Category: Asia Crypto Hong Kong passes stablecoin bill amid global competition

Hong Kong has officially passed a new stablecoin bill, establishing a licensing regime for stablecoin issuers. The bill, approved on 21 May and focused on fiat-referenced stablecoins, will require stablecoin users to obtain a licence from the Hong Kong Monetary Authority.

Additionally, they will need to comply with a range of requirements, including proper management of asset reserves and segregation of client assets. It will “enhance Hong Kong’s existing regulatory framework on virtual-asset (VA) activities, thereby fostering financial stability and encouraging financial innovation,” the central banking body said. Further consultations on the detailed regulatory framework are to be conducted.

To come into effect this year

The Hong Kong government, in a statement, said that the stablecoins policy is expected to come into effect this year. This would allow the industry “sufficient time” to understand the requirements. Back in 2023, Hong Kong introduced its broader virtual asset licensing regime, requiring crypto firms with a presence in the city to register and meet compliance standards to serve retail customers. However, it did not include stablecoin in its purview.

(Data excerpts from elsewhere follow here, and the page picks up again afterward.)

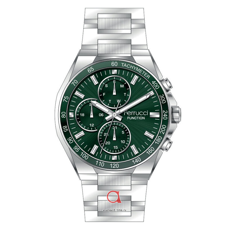 Эти часы надежно защищены от нежелательной влаги и пыли (класс водонепроницаемости 3 Bar) и работают от батарейки, что обеспечивает долгий срок службы. С дополнительными циферблатами, календарем и типом индикации отметка часов FERRUCCI 03522-02 удовлетворят все ваши потребности.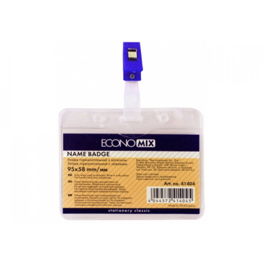 Бейдж горизонтальний з затиском Economix, PVC, розмір 95х58 мм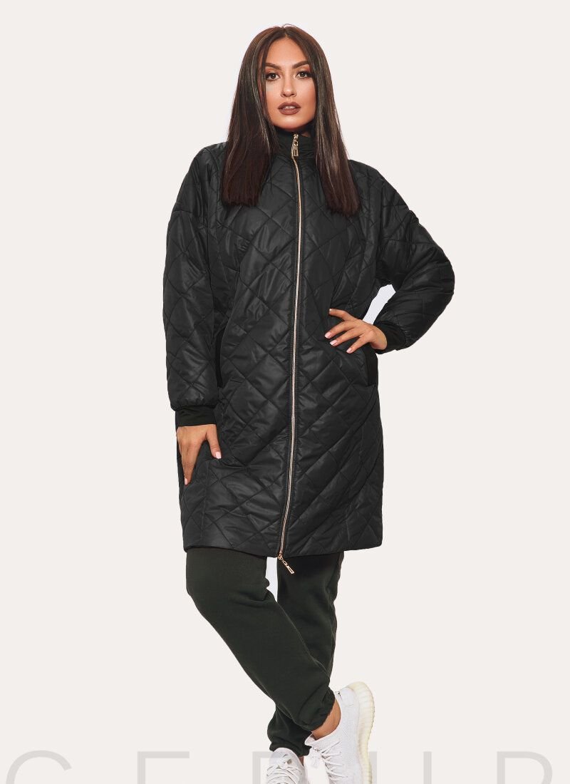 Elongated black jacket-oversize: non-detachable hood, stand-up collar, voluminous sleeve with contrasting elastic cuff, two welt pockets.Features: additional insulation - sintepon (100 g /m2). Please note that the product is designed for temperatures up to +5 °C.

As per the bill, stablecoin issuers will be mandated to meet requirements in areas like reserve asset management, redemption mechanisms, and client asset segregation. Moreover, maintaining robust systems to stabilise token value and comply with anti-money laundering standards, counter-terrorist financing, risk management and other regulatory requirements, are other key requirements.

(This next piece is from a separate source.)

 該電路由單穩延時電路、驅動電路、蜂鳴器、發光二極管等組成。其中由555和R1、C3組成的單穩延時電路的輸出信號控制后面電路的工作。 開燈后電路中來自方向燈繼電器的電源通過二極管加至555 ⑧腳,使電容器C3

“The Ordinance adheres to the ‘same activity, same risks, same regulation’ principle, with a focus on a risk-based approach to promote a robust regulatory environment,” said Christopher Hui, the Secretary for Financial Services and the Treasury. One of the lawmakers in the stablecoin bill committee, Johnny Ng, said on X that the passage of the stablecoin legislation is “just the first step in building Web3 infrastructure.”

“Issuing stablecoins is only the beginning; the most crucial step is to develop more real-world applications,” Ng said. “Whether in physical retail, cross-border trade, or peer-to-peer transactions, I believe there is tremendous untapped potential for stablecoin adoption.”

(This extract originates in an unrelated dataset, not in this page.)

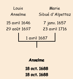 Marie Sibué d'Alpettaz (°1657 +1716) - 31 ans |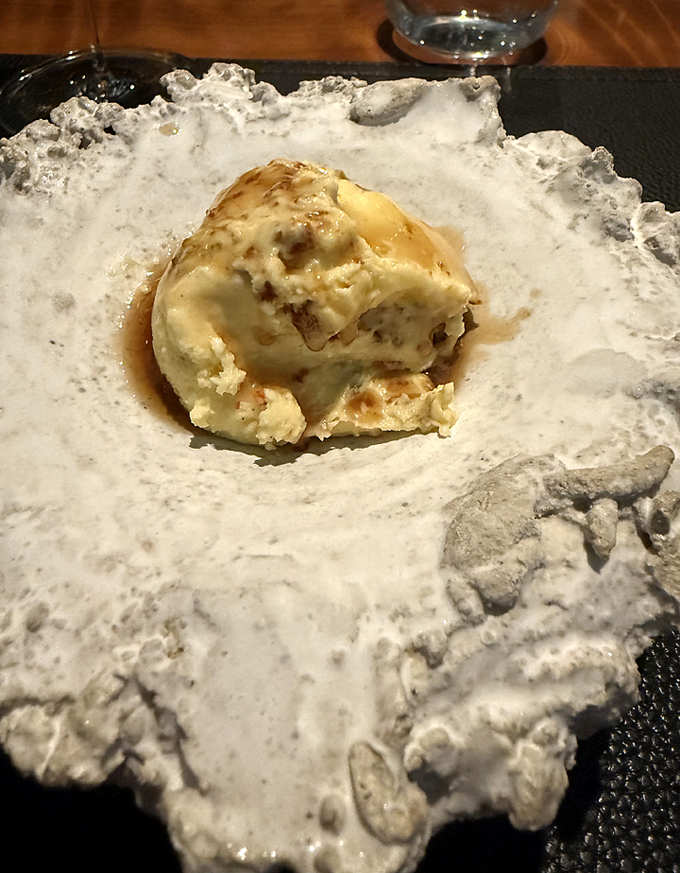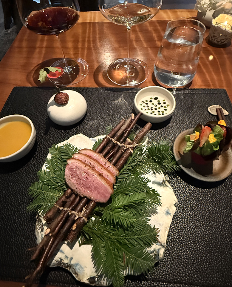 Duck gets aged for 14 days before getting smoked over cherry wood. The breast gets sliced and served beautifully atop a raft of tied branches and ferns. It’s juicy and moist, with a sweet smokiness reminiscent of ham or bacon. The leg is turned into a juicy meatball full of gingery Asian flavors. A salad bundle with strawberries and marigold is off to the side to dunk into a sweet potato vinaigrette. There’s also a small, shallow bowl of concentrated duck broth that had me dreaming of a big bowl of it for ramen noodles.

Global push to regulate stablecoins

The move comes just days after the U.S. Senate recently moved forward with the GENIUS Act, aimed at setting up the first-ever federal regulatory framework for stablecoins. It comes amid an ongoing push to regulate stablecoins globally, wherein other jurisdictions have also implemented their regulatory frameworks. The EU’s Markets in Crypto-Assets (MiCA) regulation already includes rules for stablecoins. Singapore, UAE, and Japan have also laid down robust frameworks.

Last month, the Bank of Korea (BoK) released its 2024 Payment and Settlement Report, which underlined its commitment to proactively influence regulatory frameworks for the use of cryptocurrency, most specifically stablecoins.